Irritable Bowel Syndrome (IBS) affects the digestive system. Symptoms include pain in the abdomen, diarrhea, constipation, gas, bloating, headache, and nausea. People with IBS have sensitive intestines that result in cramping or spasms due to food and even stress.
For both functional abdominal pain and irritable bowel syndrome, traditional treatment includes medication and a change in diet. Eating more fiber and reducing fat intake has been shown to help relieve the symptoms.

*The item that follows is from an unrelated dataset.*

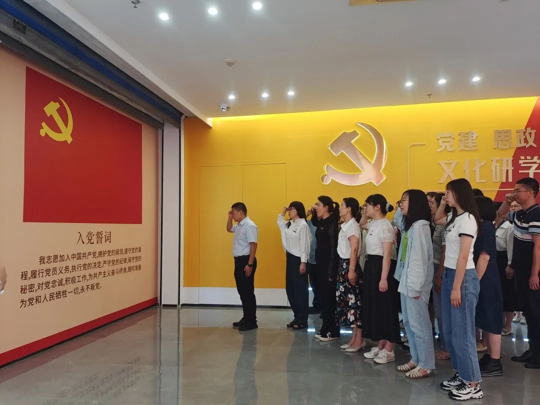 面向鲜红的党旗,在张建国的带领下,全体党员高举右拳重温入党誓词。宣誓声响彻大厅、久久回荡,是对初心使命的再宣誓,是接续奋斗的再出发。

It has been shown that hypnotherapy sessions can help adults treat IBS. A recent study was performed to test the efficacy of hypnosis in treating children with FAP or IBS. The study consisted of 53 children age 8-18 years who were suffering from FAP or IBS. There were 31 patients who had been medically diagnosed with FAP and 22 were medically diagnosed with IBS.

They were randomly put into two groups. One group received 6 sessions of hypnotherapy during the course of the three-month study. The other group, the control group, received standard medical care and 6 sessions of therapy.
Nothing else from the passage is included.